Shortly, git-buildpackage uses an upstream branch (often called
"master") containing upstream code, and a Debian branch containing that,
plus the debian folder. Typing "git-buildpackage" does all the magic
needed to build a Debian package, with the added bonus that you don't
have to build where your package is stored (usually, we build in
../build-area), which means no risk to modify any files in your Git

>   3) You work from git repositories forked from upstream e.g.
>      which AFAICT just add a debian/ directory to the source tree


>   4) 'get-vcs-source' somehow generates a tarball from this tree. I'm
>      guessing it does 'git archive' rather than
>      'python setup.py sdist' but I'm not sure. Some more digging
>      turns up:
>      and it seems that yes, you're using 'git archive'

That's correct, you've found out quite well. Also, "get-vcs-source"
fetches the master branch from upstream (git add remote, git fetch...).

The repository is either git://github.com/openstack/<package-name>.git,
or we just override the UPSTREAM_GIT variable before including
/usr/share/openstack-pkg-tools/pkgos.make (that's needed for python
modules which are not on the github.com/openstack repo).

>   5) I'm guessing there are two issues with these 'git archive'
>      generated tarballs - (a) there's no versioninfo file so
>      setuptools doesn't know have a version number and (b) there's
>      no .git directory so setuptools doesn't have an accurate way of
>      building a manifest
>      I'm not completely clear what setuptools commands are failing
>      because of issue (b)

All the above is exactly right!

One of the reasons we are happy to use git archive is that this produces
a Debian orig.tar.xz (notice the xz, and not just gz) from *any* commit,
if we want to. Let me explain how it works.

Let's say I want to make a snapshot release of Ceilometer for the commit
hash 23ff2f9bbfc14e435c4c04ddddfba473cf2a829b (this is an actual real
life example, in fact...). Then, to do that, I just do:

git checkout master
git log # find out what's the name of the tag...
git tag 2013.1_g0.4+23ff2f9bbf 23ff2f9bbfc14e435c4c04ddddfba473cf2a829b
git checkout debian/experimental
git merge -X theirs 23ff2f9bbfc14e435c4c04ddddfba473cf2a829b

Then I edit my debian/changelog so it matches the tag:

<example debian/changelog>
ceilometer (2013.1~g0.4+23ff2f9bbf-1) experimental; urgency=low

  * Initial release (Closes: #693406).

 -- Thomas Goirand <zigo at debian.org>  Wed, 14 Nov 2012 14:41:52 +0000
<end of example debian/changelog>

(the important bit is of course the version number above)

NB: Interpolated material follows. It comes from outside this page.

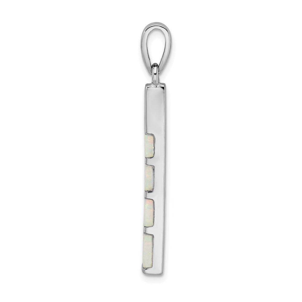 Sterling Silver Rhodium-plated White Created Opal Bar Pendant

Then I generate the orig.tar.xz:

./debian/rules get-vcs-source
cp ../ceilometer_2013.1~g0.4+23ff2f9bbf.orig.tar.xz ../build-area

Then I just build:

Another reason why git is convenient, is that we can cherry pick -x
stuff from upstream, do branching, etc. Well, do I really have to
convince people of this list that git is convenient? :) Probably not.

>   6) However, you seem to be saying that issue (b) isn't an issue but
>      rather inaccurate MANIFEST.in files are the problem. How exactly
>      are they causing a problem. If we delete those files from
>      upstream git, does that work for you?

Well, it be better if the MANIFEST.in could be stored correctly in
upstream Git repositories, so we wouldn't have to deal with them.
Currently, we embed a patch in debian/patches to fix them.

>   7) You're also describing some issue where 'clean targets' (I don't
>       know what they are? Similar to 'make clean'?) are causing
>       commands like 'git fetch origin' to be run? What exactly is
>       going on here? Is this because the versioninfo file gets
>       deleted by the cleanup and our setup.py logic attempts to
>       recreate it? If we had a way of disabling network access during
>       the build (e.g. OS_SETUP_NONET=1) would that solve the problem?

Let me give an example from Ceilometer. Without "cleaner = true",
git-buildpackage attemps to run "./debian/rules clean", which calls
setup.py clean -a. The shell output is then:

zigo at GPLHost:dom0.node4407>_
~/openstack-auto-builder/sources/ceilometer/ceilometer$ git-buildpackage
dh clean  --with python2
   debian/rules override_dh_auto_clean
make[1]: Entering directory
Could not create directory '/root/.ssh'.
The authenticity of host 'git.debian.org (' can't be
RSA key fingerprint is 8c:c0:b8:9f:0a:79:ee:1c:77:c4:b8:a1:70:55:b7:31.
Are you sure you want to continue connecting (yes/no)?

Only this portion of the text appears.